Deriving Stoke's Theorem From Green's Theorem

Suppose a curve  
\[C\]
  with interior  
\[B\]
  defined on  
\[{\mathbb{R}}^2\]
  has a smooth parametrization  
\[\mathbf{p}(s) = (p_1 (s) , p_2 (s)) \]
  where  
\[s\]
  is the distance along the curve.
The unit tangent to  
\[C\]
  is  
\[\mathbf{T} = ( \frac{p'_1(s)}{\sqrt{p'^2_1(s)+p'^2_2(s)}} , \frac{p'_2(s)}{\sqrt{p'^2_1(s)+p'^2_2(s)}} )\]

The unit normal to  
\[C\]
  is given by  
\[\mathbf{n(s)} =\mathbf{T'} = ( \frac{p''_1(s)}{\sqrt{p''^2_1(s)+p''^2_2(s)}} , \frac{p''_2(s)}{\sqrt{p''^2_1(s)+p''^2_2(s)}} )\]

The circulation of a force  
\[\mathbf{F}\]
  around  
\[C\]
  is defined as  
\[\oint_C F_1 \: dx + F_2 \: dy = \oint_C \mathbf{F} \cdot d \mathbf{r} ds \]

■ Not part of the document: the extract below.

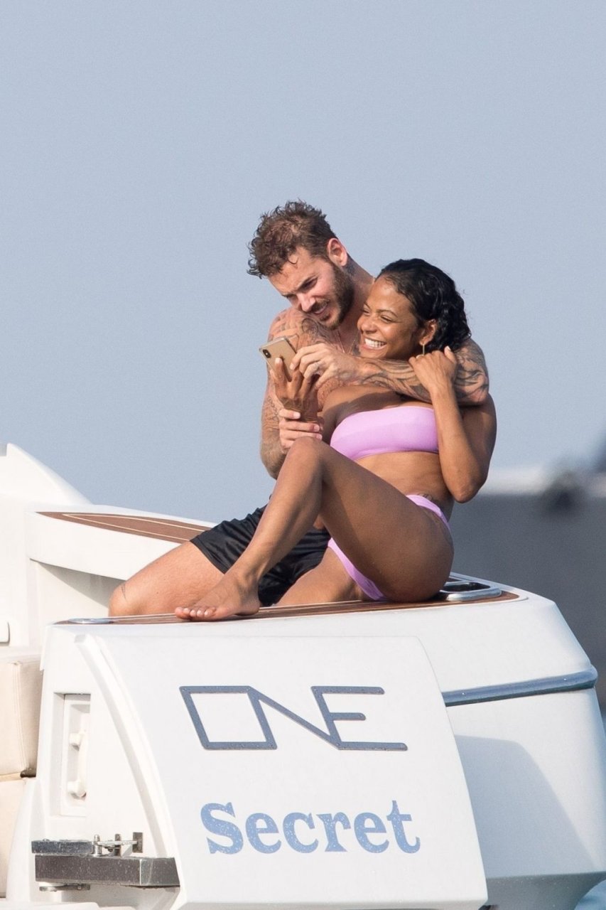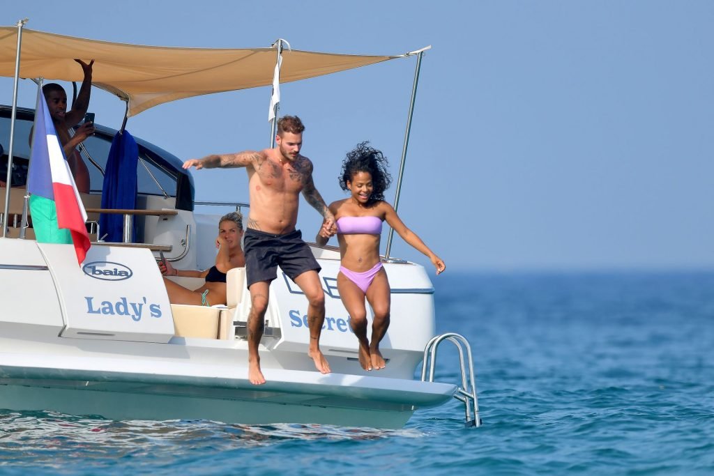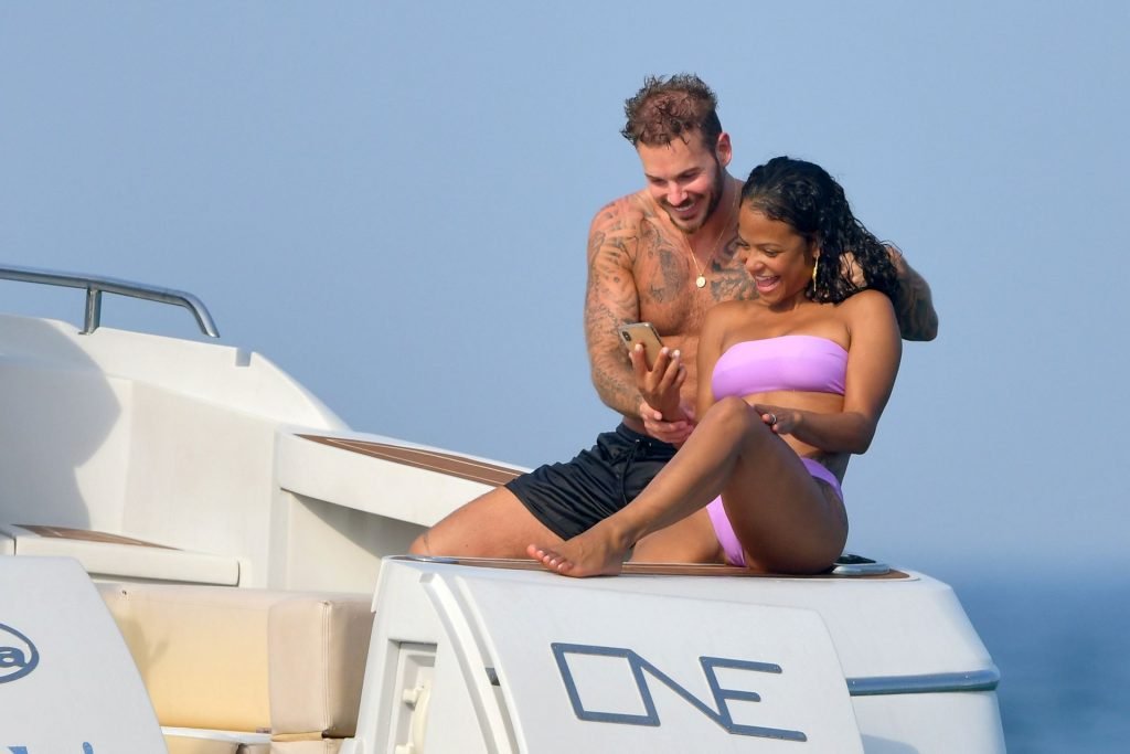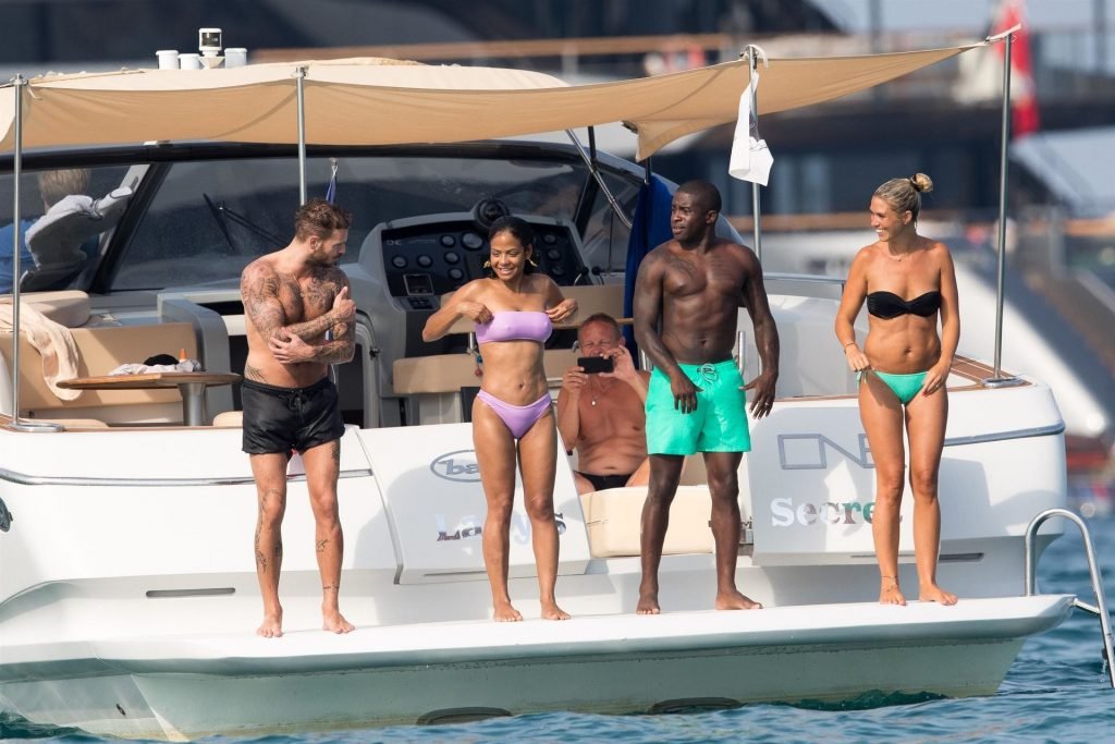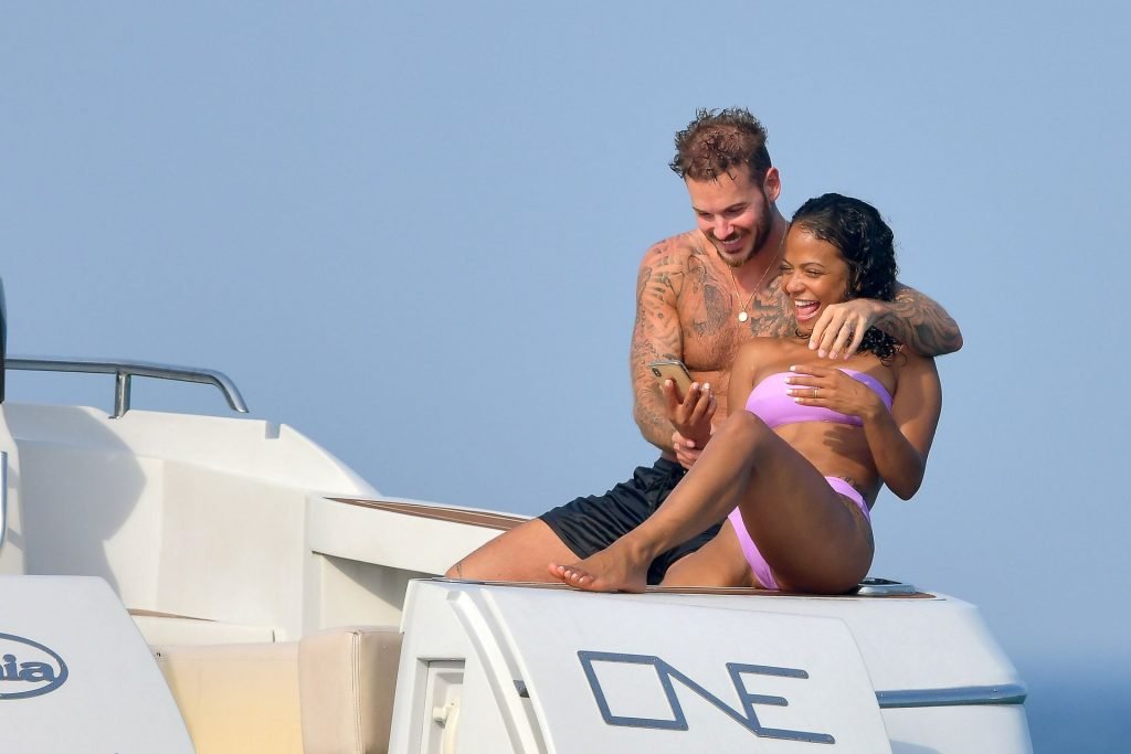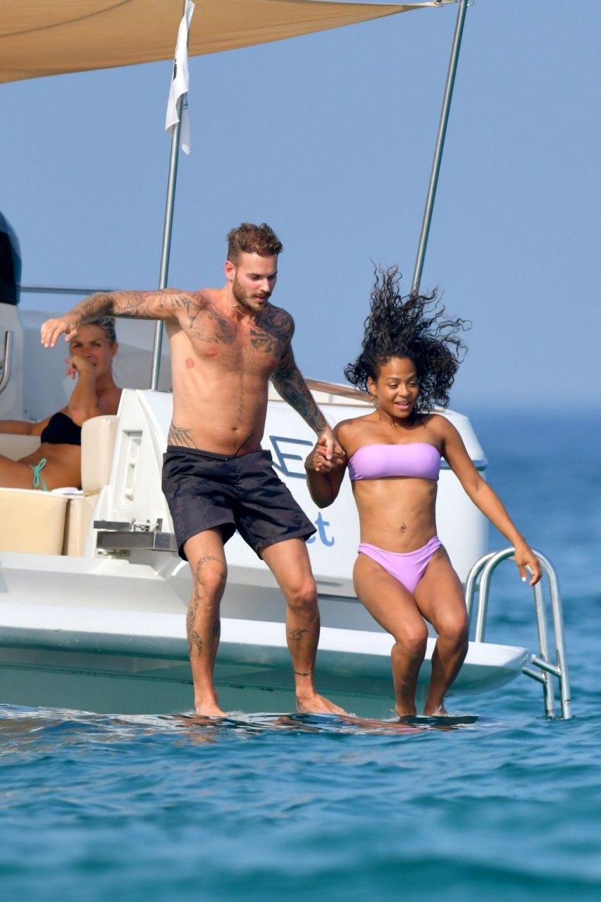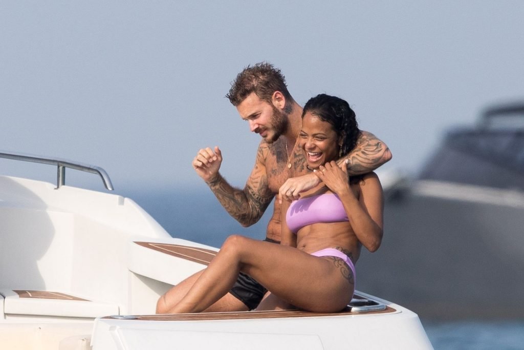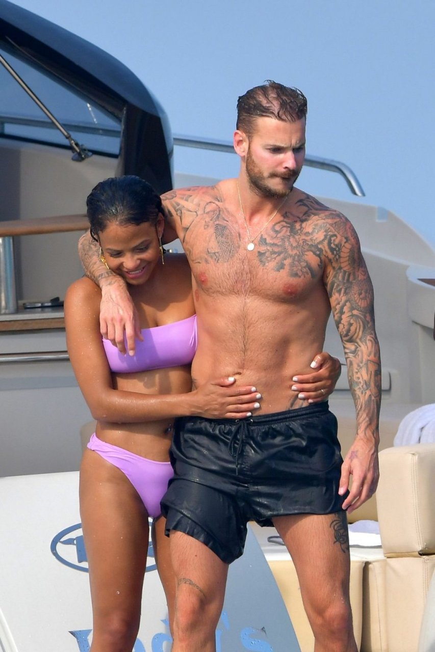 La cantante y actriz Christina Milian y su novio de mucho tiempo Matt Pokora (M. Pokora) disfrutan del sol en la Riviera Francesa con amigos en el barco Lady’s Secret en Francia, 29/06/2019.

\[curl \mathbf{F} = (\frac{\partial F_2}{\partial x} - \frac{\partial F_1}{\partial y}) \mathbf{k} \]

Hence Green's Theorem  
\[\oint_C F_1 \: dx + F_2 \: dy = \int_B (\frac{\partial F_2}{\partial x} - \frac{\partial F_1}{\partial y})dx \: dy\]

can be written
\[\oint_C \mathbf{F} \cdot \mathbf{T} ds = \int \int_B curl \mathbf{F} \; dx \: dy\]

This is called Stokes Theorem.